Management’s Discussion and Analysis of Financial Condition and Results of Operations

This quarterly report contains “forward-looking statements” within the meaning of the Private Securities Litigation Reform Act of 1995. Such statements can be identified by the use of forward-looking terminology such as “believes,” “expects,” “may,” “estimates,” “will,” “should,” “plans” or “anticipates” or the negative thereof or other variations thereon or comparable terminology, or by discussions of strategy. Readers are cautioned that any such forward-looking statements are not guarantees of future performance and may involve significant risks and uncertainties, and that actual results may vary materially from those in the forward-looking statements as a result of various factors. These forward-looking statements involve a number of risks and uncertainties that could cause actual results to differ materially from those suggested by the forward-looking statements. Forward-looking statements should, therefore, be considered in light of various factors, including those set forth under “Forward-Looking Statements” and “Risk Factors” in the Company’s Registration Statement on Form S-4 filed with the Securities and Exchange Commission on July 2, 2010 (the “Registration Statement”), all of which are incorporated herein by reference. Moreover, we caution you not to place undue reliance on these forward-looking statements, which speak only as of the date they were made. We do not undertake any obligation to publicly release any revisions to these forward-looking statements to reflect events or circumstances after the date of this quarterly report or to reflect the occurrence of unanticipated events.

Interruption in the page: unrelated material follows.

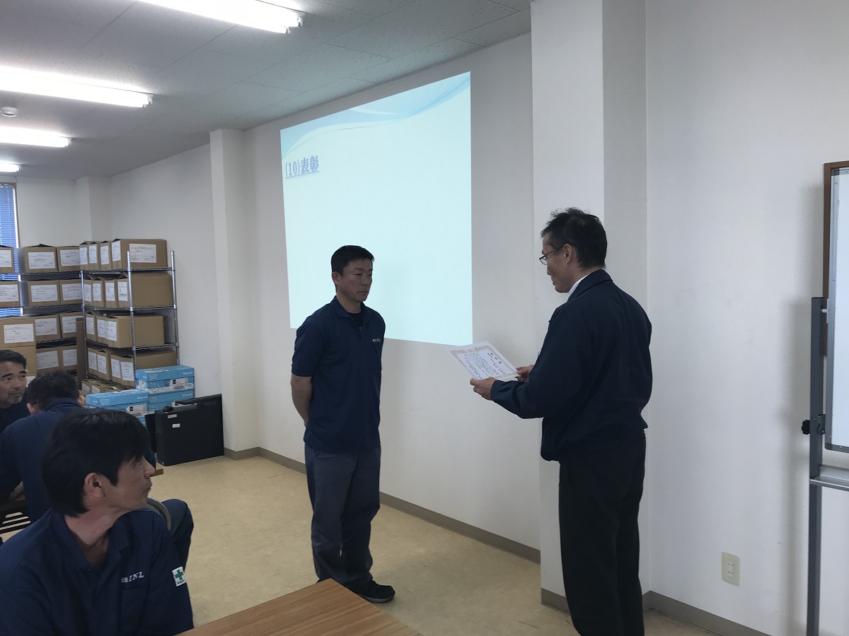 表彰式では外部評価を受けた乗務員さんの表彰とフォークリフト講習実技の優秀者表彰を行いました❗
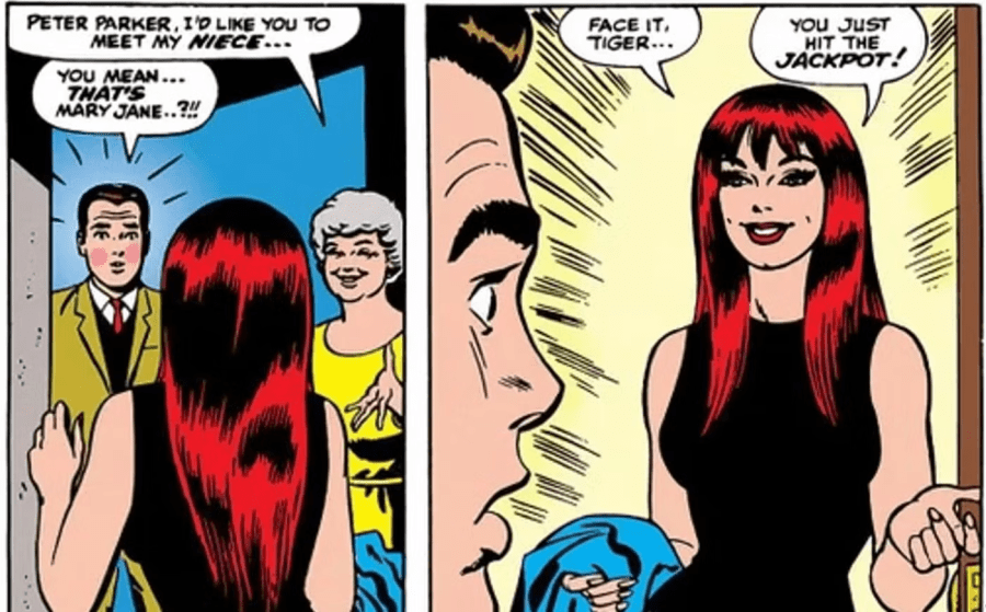 Although she made a brief first appearance in The Amazing Spider-Man #25 with a plant obscuring her face, as part of a then-long-running recurring gag about Aunt May attempting to set Peter up with her friend’s “nice girl” niece, Mary Jane’s first official face reveal was a cameo appearance in The Amazing Spider-Man #42. Designed and drawn by John Romita Sr., her entrance is regarded as one of the most iconic introductions in comic history, owing it to its build-up, her hyper-vibrant red hair and beauty, and her introductory line, “Face it, Tiger… you just hit the jackpot!”. Since then, ‘Tiger’ has been her most recognizable nickname for Peter, spanning comics and media adaptations, with the character becoming the third to assume the superhero mantle of Jackpot in August 2023.

The following discussion should be read in conjunction with the Company’s audited and unaudited consolidated financial statements and related notes thereto in Item 1, “FINANCIAL STATEMENTS” in this quarterly report and the Company’s audited Consolidated Financial Statements for the year ended December 31, 2009 and related Notes that are contained in the Registration Statement.

General

We are a leading independent provider of dry bulk marine transportation services in the U.S.-flag coastwise, U.S. Government cargo preference and inland barge markets. We also own and operate the largest coal and petcoke terminal in the Gulf of Mexico, which is strategically located as the first inbound dry bulk terminal on the Mississippi River. We operate in three business segments: United Ocean Services, United Barge Line and United Bulk Terminal.

United Ocean Services (“UOS”)

UOS provides transportation services on domestic and international voyages. These services are contracted under single or consecutive voyage charters on a spot basis, or long-term contracts ranging from one to ten years. Most of the international voyages are performed under cargo preference programs, the most significant of which is Public Law 480 (“PL-480”). We charge for these services either on a per ton or per day basis. Under a per ton contract, we are generally responsible for all expenses including fuel. Revenues under these contracts are based on a per ton rate. We bear the risk of time lost due to weather, maintenance, and delay at docks which are not covered by demurrage. Demurrage is compensation due from the customer when there are delays at the dock that prevent the vessel from loading or unloading within the contract terms. Our contracts have fuel price mechanisms that limit our exposure to changes in fuel price. We also time charter our vessels, such that the customer has exclusive use of a particular vessel for a specified time period and rates are on a per day basis. We pay expenses related to the vessel’s maintenance and operation and the charterer is responsible for all voyage costs, including port charges and fuel.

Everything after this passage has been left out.